How Does Vision Work?
Eyes are specialized organs that detect light and transmit that information to the brain. The brain then interprets the light signals into what we perceive as vision. Humans generally have two eyes, which is important to how we determine depth and dimension. While we can still see with one eye, depth and distance become harder to judge, which can make it dangerous to perform activities that require quick reactions and precision, including driving.
Step 1: Light Enters the Eye
The human eye is a complex organ that works a lot like an analog camera – most of the eye is opaque, protected from dirt and scratches by an outer layer called the cornea, which is kept clean and in good condition by constant moisturizing through tears. The opaqueness of the eye means that extra light is not let in.
The sclera is the protective outer coating of the eye, which in humans is white and full of blood vessels, and inside the eye, there is a clear fluid called vitreous humor which helps to bend the light and allows the eye to maintain its shape through pressure. This is important, because if the eye shape is off, it can affect how well the eye can focus on details. This is a common cause of near- or far-sightedness.

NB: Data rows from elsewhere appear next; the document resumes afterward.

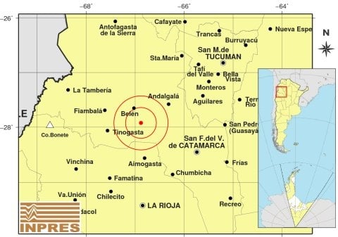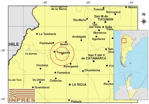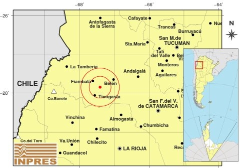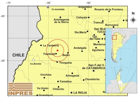 Epicentro: 177 km al O de San F. Del Valle De Catamarca; 182 km al N de La Rioja; 26 km al SE de Fiambalá -27.850 (lat) -67.411 (long)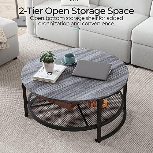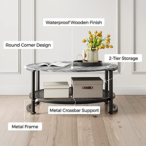 LINSY HOME Round Coffee Table for Living Room, Grey Coffee Table with Open Storage,Wood Surface Top & Sturdy Metal Legs Large Circle Coffee Table for Industrial or Modern Design Home,Gray and Black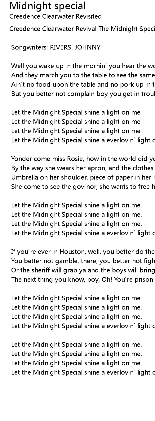 | Creedence Clearwater Revival The Midnight Special Lyrics | |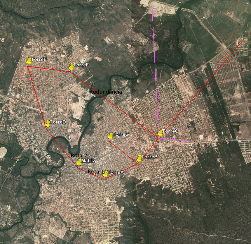 Essas torres eu utilizo para chegar nos bairros através de enlaces NanoBrige M5 e totalizam 7 torres e células que estão praticamente em estrela e apenas uma rota de saída/entrada.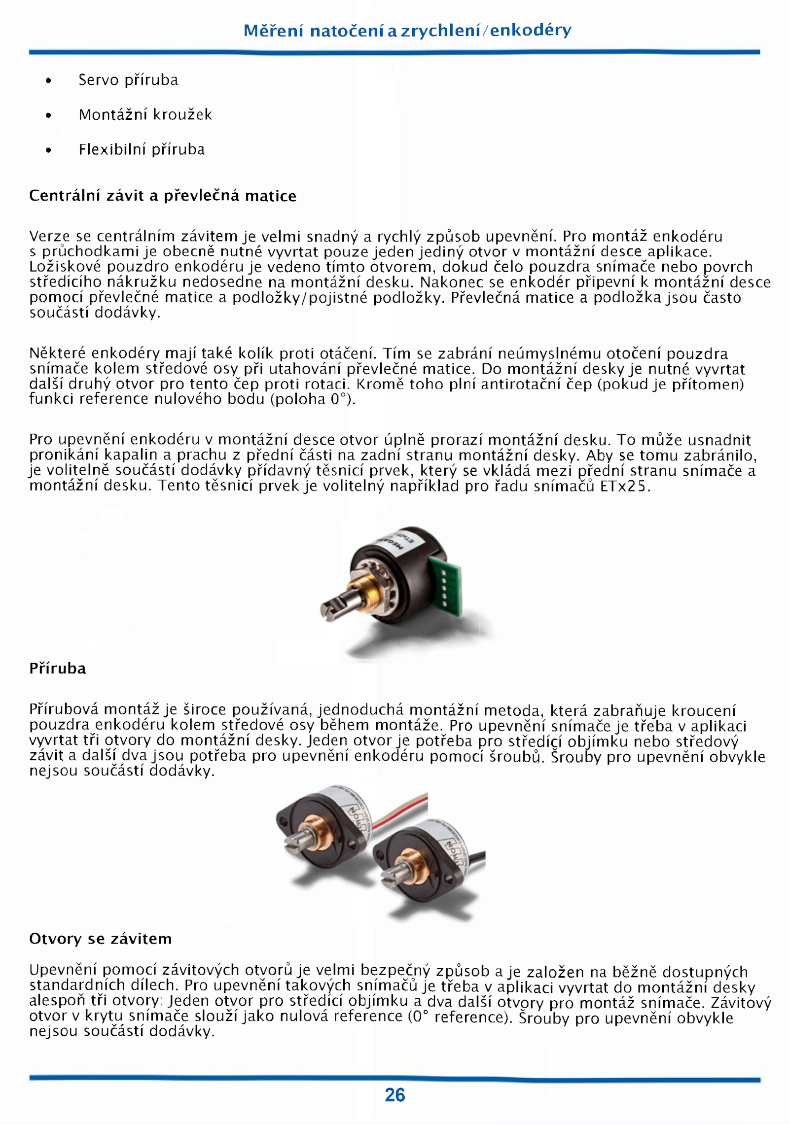 závit další dva jsou potřeba pro upevnění enkodéru pomocí šroubů. Pro upevnění takových snímačů třeba aplikaci vyvrtat montážní desky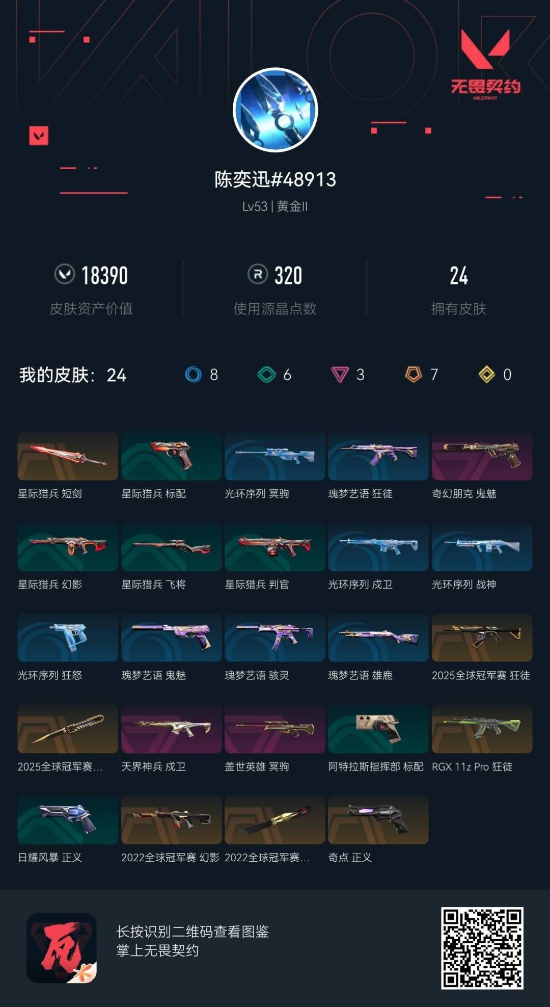 7橙皮 3紫皮 24皮肤 13英雄 40卡面 320已用源晶 黄金段位 【亮点皮肤】:幻影-2022全球冠军赛蝴蝶刀-2022全球冠军赛 【套装】:2025全球冠军赛2022全球冠军赛 【近战武器皮肤】:2025全球冠军赛 蝴蝶刀星际猎兵 短剑 【佩呛皮肤】:正义-奇点鬼魅-奇幻朋克 【步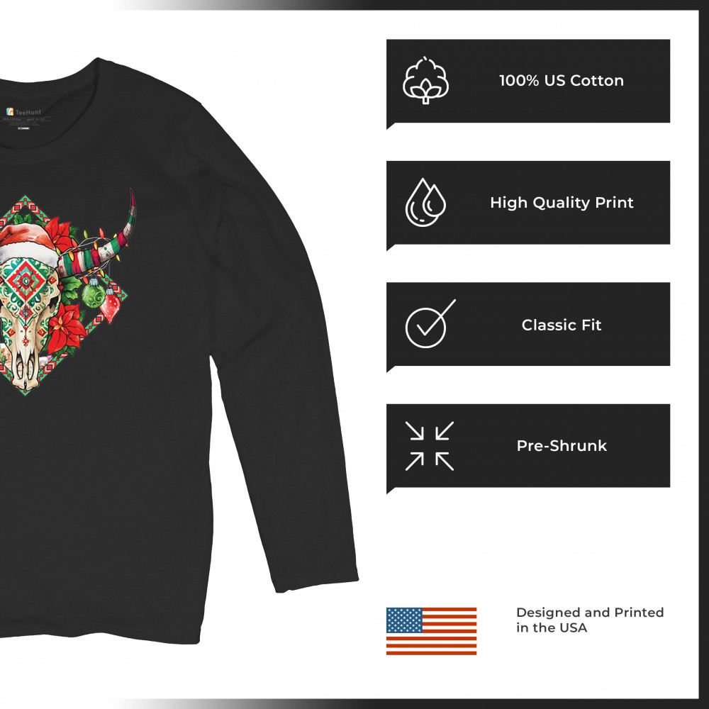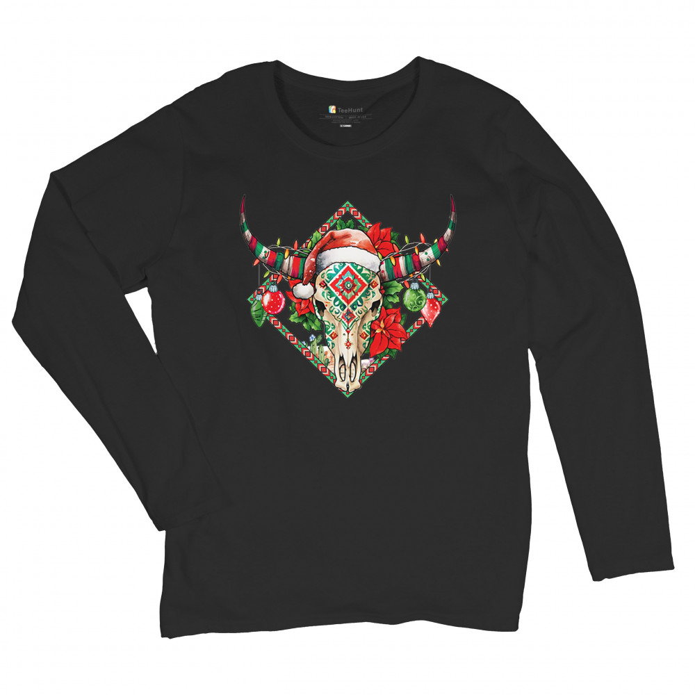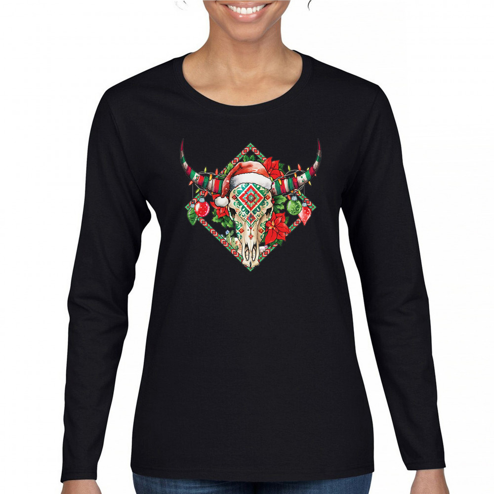 Blend Southwestern charm with holiday cheer! This vibrant skull design with poinsettias and ornaments is perfect for festive parties and unique gifts!

The first step of vision starts with light travelling through the cornea, a clear, thick, curved area in the front of the eye that bends and focuses the light. The light then enters the eye through an opening called the pupil, and then passes through the lens. The pupil, cornea, and lens allow the eye to focus on details, adapt to different levels of light in the environment, and protect the sensitive cells at the back of the eye from damage. The amount of light let in depends on the environment – in dim light conditions, the pupil is widened (or dilates) to let in more light, while in bright light the pupil contracts to a tiny dot. It is also affected by stress, fear, and other emotions – energetic emotions such as excitement, fear, aggression, or arousal cause dilation, while calmer emotions are associated with constricted, smaller pupils.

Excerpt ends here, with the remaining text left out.